To be fair, there were some alchemists who tried to use results from past experiments to help suggest future experiments. Nevertheless, alchemy always had very materialistic goals in mind – goals like producing gold and living forever. Alchemists were not troubled by philosophical questions like "what is the universe made of?" - they didn’t really care unless they thought it would somehow help them find the "philosopher's stone" or the "elixir of life".

What you've probably noticed by reading about the Greek philosophers and the alchemists is that the history of science is ironic. Greek philosophers asked deep questions about the universe but didn't believe in any of the experiments that might have led them to the answers. In contrast, alchemists believed in experimentation but weren't interested in what the experiments might tell them in terms of the nature of the world. Unbelievably, it took over 2,000 years to put the questions asked by the Greek philosophers together with the experimental tools developed by the alchemists. The result was significant progress in our understanding of nature and the universe, and that's what we'll learn about next.

Dalton's Atomic Theory[edit]

Let's begin our discussion of Dalton's atomic theory by considering a simple, but important experiment that suggested matter might be made up of atoms. In the late 1700s and early 1800s, scientists began noticing that when certain substances, like hydrogen and oxygen, were combined to produce a new substance, like water, the reactants (hydrogen and oxygen) always reacted in the same proportions by mass. In other words, if 1 gram of hydrogen reacted with 8 grams of oxygen, then 2 grams of hydrogen would react with 16 grams of oxygen, and 3 grams of hydrogen would react with 24 grams of oxygen.
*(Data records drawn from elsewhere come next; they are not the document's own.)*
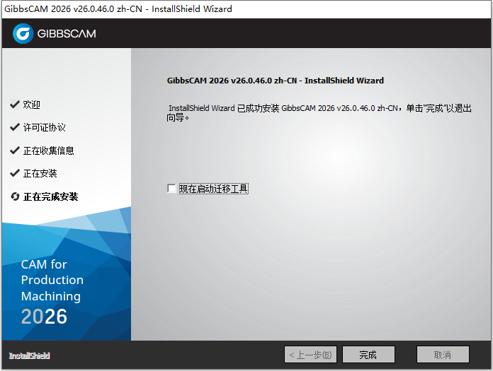 8、从上图我们看到,GIBBSCAM 2026 v26.0.46 64位简体中文版软件已经顺利安装完成,我们根据上图提示,知识兔点击“完成”即可。
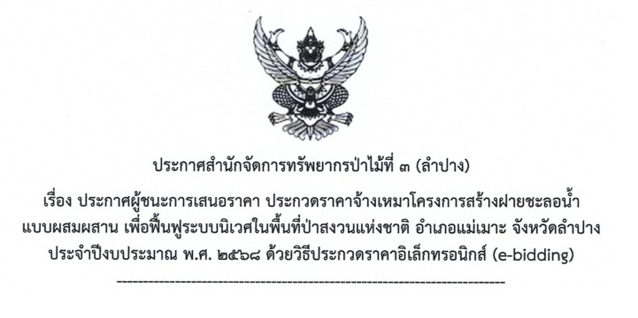 จัดซื้อจัดจ้าง เรื่อง ประกาศผู้ชนะการเสนอราคา ประกวดราคาจ้างเหมาโครงการสร้างฝายชะลอน้ำ แบบผสมผสาน เพื่อฟื้นฟูระบบนิเวศในพื้นที่ป่าสงวนแห่งชาติ อำเภอแม่เมาะ จังหวัดลำปาง ประจำปีงบประมาณ พ.ศ. 2568 ด้วยวิธีประกวดราคาอิเล็กทรอนิกส์ (e-bidding) by สำนักจัดการทรัพยากรป่าไม้ที่ ๓ (ลำปาง)|เผยแพร่แล้ว 22 ธันวาคม 2025 เรื่อง ประกาศผู้ชนะการเสนอราคา ประกวดราคาจ้างเหมาโครงการสร้างฝายชะลอน้ำแบบผสมผสาน เพื่อฟื้นฟูระบบนิเวศในพื้นที่ป่าสงวนแห่งชาติ อำเภอแม่เมาะ จังหวัดลำปาง ประจำปีงบประมาณ พ.ศ. 2568 ด้วยวิธีประกวดราคาอิเล็กทรอนิกส์ (e-bidding) >>>> รายละเอียด เรื่อง ประกาศผู้ชนะการเสนอราคา ประกวดราคาจ้างเหมาโครงการสร้างฝายชะลอน้ำแบบผสมผสาน เพื่อฟื้นฟูระบบนิเวศในพื้นที่ป่าสงวนแห่งชาติ อำเภอแม่เมาะ จังหวัดลำปาง ประจำปีงบประมาณ พ.ศ. 2568 ด้วยวิธีประกวดราคาอิเล็กทรอนิกส์ (e-bidding)
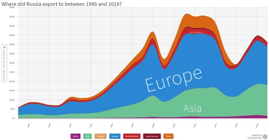 Rosja eksportuje ważne surowce i towary do Europy, Stanów Zjednoczonych i krajów na całym świecie. Jeżeli chodzi o gaz ziemny to w szczególności Europa jest w dużej mierze zależna od Rosji. W ostatnich miesiącach, Europa była świadkiem czegoś w rodzaju próby generalnej przed redukcją rosyjskiego gazu. Moskwa ogranicza dostawy do Europy, co zdaniem niektórych analityków i polityków jest próbą utrzymania wysokich cen. Według Międzynarodowej Agencji Energetycznej w ostatnim kwartale 2021 r. Rosja ograniczyła eksport gazu rurociągami do Europy o 23% w porównaniu z tym samym okresem rok wcześniej. Jednocześnie rośnie import gazu skroplonego. W ciągu ostatniego roku ceny NAG w Europie osiągnęły rekordowe poziomy :

Strangely, the observation that hydrogen and oxygen always reacted in the "same proportions by mass" wasn't special. In fact, it turned out that the reactants in every chemical reaction reacted in the same proportions by mass. Take, for example, nitrogen and hydrogen, which react to produce ammonia (a chemical you’ve probably used to clean your house). 1 gram of hydrogen will react with 4.7 grams of nitrogen, and 2 grams of hydrogen will react with 9.4 grams of nitrogen. Can you guess how much nitrogen would react with 3 grams of hydrogen?
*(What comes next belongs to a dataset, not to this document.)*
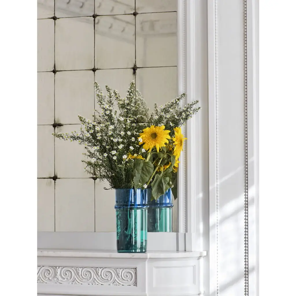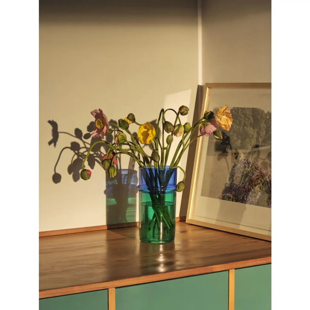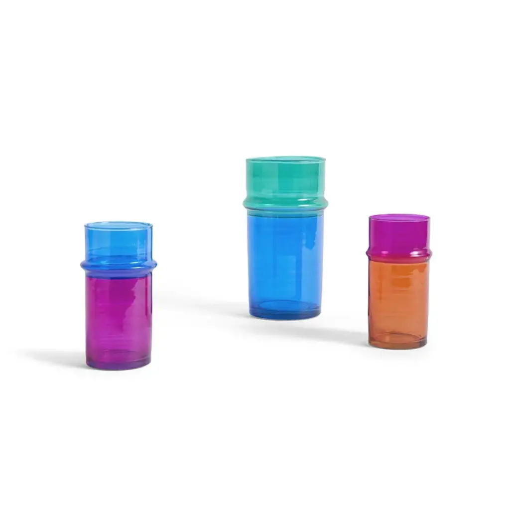 HAY’s Moroccan vase gives an extra pop of color for flower bouquets and branches. Featuring a cylinder shape with a thicker ring on its side, the vase plays with the contrasts of boldly colored glass surfaces. The vase has been mouth-blown in Morocco from recycled glass.
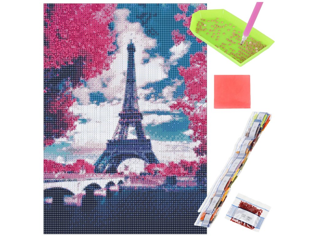 - 1x erős vászon nyomtatott képpel, amely Eiffel-tornyokat ábrázol, és betűket rendel színekhez, illetve számokat a gyémánt színéhez

Scientists studied reaction after reaction, but every time the result was the same. The reactants always reacted in the "same proportions by mass" or in what we call "definite proportions". As a result, scientists proposed the Law of Definite Proportions (Figure 4.5). This law states that in a given type of chemical substance, the elements are always combined in the same proportions by mass.

Figure 4.5: If 1 gram of A reacts with 8 grams of B, then by the Law of Definite Proportions, 2 grams of A must react with 16 grams of B. If 1 gram of A reacts with 8 grams of B, then by the Law of Conservation of Mass, they must produce 9 grams of C. Similarly, when 2 grams of A react with 16 grams of B, they must produce 18 grams of C.

Earlier, you learned that an "element" is a grouping in which there is only one type of atom – of course, when the Law of Definite Proportions was first discovered, scientists didn't know about atoms or elements, so the law was stated slightly differently. We'll stick with this modern version, though, since it's easiest to understand.

The Law of Definite Proportions applies when elements are reacted together to form the same product. Therefore, while the Law of Definite Proportions can be used to compare two experiments in which hydrogen and oxygen react to form water, the Law of Definite Proportions can not be used to compare one experiment in which hydrogen and oxygen react to form water, and another experiment in which hydrogen and oxygen react to form hydrogen peroxide (peroxide is another material that can be made from hydrogen and oxygen).

Figure 4.6: John Dalton was a thinker, but he was also an experimenter.

While scientists around the turn of the 18th century weren't making a lot of peroxide, a man named John Dalton was experimenting with several reactions in which the reactant elements formed more than one type of product, depending on the experimental conditions he used (Figure 4.6). One common reaction that he studied was the reaction between carbon and oxygen. When carbon and oxygen react, they produce two different substances – we'll call these substances A and B. It turned out that, given the same amount of carbon, forming B always required exactly twice as much oxygen as forming A. In other words, if you can make A with 3 grams of carbon and 4 grams of oxygen, B can be made with the same 3 grams of carbon, but with 8 grams oxygen. Dalton asked himself – why does B require 2 times as much oxygen as A? Why not 1.21 times as much oxygen, or 0.95 times as much oxygen? Why a whole number like 2?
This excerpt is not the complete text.